Blood plasma was then labeled with fluorescein isothiocyanate-conjugated dextran (FITC) at 500 nM concentration in blood. We then acquired a $600\times 600\times 660\text{\hspace{0.17em}}\text{\hspace{0.17em}}\mu {\mathrm{m}}^{3}$ stack of the FITC-labeled vasculature using TPLSM ($1.17\times 1.17\times 2.0\text{\hspace{0.17em}}\text{\hspace{0.17em}}\mu {\mathrm{m}}^{3}$ voxel size) as described in Sakadžić et al.^{21} Although OCT can also be used to generate angiograms, the spatial resolution and contrast-to-noise ratio is generally higher with FITC TPLSM, which makes it easier to graph (i.e., vectorize) the vascular stack in the subsequent steps. This data was previously published in Sakadžić et al.^{21} and Gagnon et al.^{22}

## 3.5.

### Data Processing

The TPLSM angiogram was graphed with a custom software using a combination of automatic segmentation procedures and manual corrections.^{5}^{,}^{23} Vessel diameter was estimated at each graph node by thresholding the image at a low value of $\sim 2\%$ of the maximum image intensity, considering lines through the node point oriented every 3 deg in the local plane perpendicular to the vessel axis, and finding the minimum distance from vessel edge to vessel edge. To reconstruct flow in the experimental vessel network, we set the blood pressure boundary condition for the arterioles and venules crossing the sides of the imaged volume using tabulated values from Ref. 18 given the vessel diameter and the vessel type (arteriole or venule). Similarly to our simulations, pressure boundary condition was set to 105 mmHg in the inflowing arteriole and to 10 mmHg in the outflowing venules. This set of boundary conditions has been shown to result in accurate and realistic flow distributions in previous studies.^{5}^{,}^{12}

## 4.

## Results and Discussion

## 4.1.

### Simulations Results

The results of our simulations are shown in Fig. 2. In the case of this specific output, 10% of the vessel segments contained DOCT priors. A random noise was added to each of those DOCT priors and the maximum amplitude of the noise was set to 10% of the flow value for each segment. Figure 2(a) shows the specific segments that contained a DOCT prior for this specific simulation. Figure 2(b) shows the $\mathrm{\mu}\mathrm{CBF}$ error map in percent with and withtout DOCT priors. We first observe that the residual error in both cases is not located around particular vessels. It is rather spread across the entire network. We also observe a reduction in the error of the reconstructed flow using DOCT priors.
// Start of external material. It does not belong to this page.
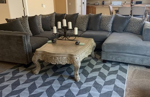 The home has open concept kitchen, 2 living area and dining tables for a total of 10 dining seats, TV's in every room, 3 car garage (direct access) and private driveway for 3 additional cars. High Speed Wifi and Roku (free channels) and streaming available on all TVs. Self Check In.

The error reduction is spread across the network and is not limited around vessels containing a DOCT prior or restricted to inflowing or outflowing vessels.

To account for the variability introduced by the noise, simulations were run 500 times with different noise instances and different configurations for the DOCT priors. The average residual error in the reconstructed flow was 300% without DOCT measurements and 150% when 10% of the segments contained DOCT measurements, even if those measurements contained 25% noise. The high level of residual error in the reconstructed flow is the result of a high noise in the resistance of the capillaries which was set to 100%.

Figure 2(c) shows the comparison of the MSE between the simulated $\mathrm{\mu}\mathrm{CBF}$ and the recovered $\mathrm{\mu}\mathrm{CBF}$ with and without the DOCT priors. Each bar represents the average MSE obtained from 500 simulations with different noise instances and different DOCT prior configurations. Simulations were run with 10% DOCT priors located only in the capillaries, with 10% DOCT priors located in any vessels including 1, 2 and 3 outflowing venules, respectively, and with 10% DOCT priors located in any vessels including the inflowing arteriole. Note that vessels with DOCT priors did not contribute to the MSE calculation and thus did not bias the results. We observe that constraining the flow reconstruction with DOCT priors in 10% of the vessels reduced the MSE to 50% of the MSE obtained when no DOCT priors were used. When the vessels with priors included 1, 2 and 3 outflowing venules, the MSE was further reduced to 45, 42, and 39% of the MSE obtained with no DOCT prior, respectively. The same reduction to 39% of the initial MSE was obtained when the vessels with priors included the inflowing arteriole. Constraining the flow value in the inflowing arteriole or an outflowing venule will null the impact of the pressure boundary condition for this specific vessel and several downstream vessels (or upstream vessels for the case of a venule) since flow must be conserved along the vascular tree. We note that constraining the flow in a single outflowing venule still reduces the MSE compared to the case where the DOCT priors were located only in the capillaries. Moreover, constraining the flow in the inflowing arteriole or all the outflowing venules will fix the regional blood flow (or the global perfusion) of the network and results in global lower MSE. These results indicate that getting DOCT measurements in large inflowing arterioles or large outflowing venules will have the most impact on the flow computation.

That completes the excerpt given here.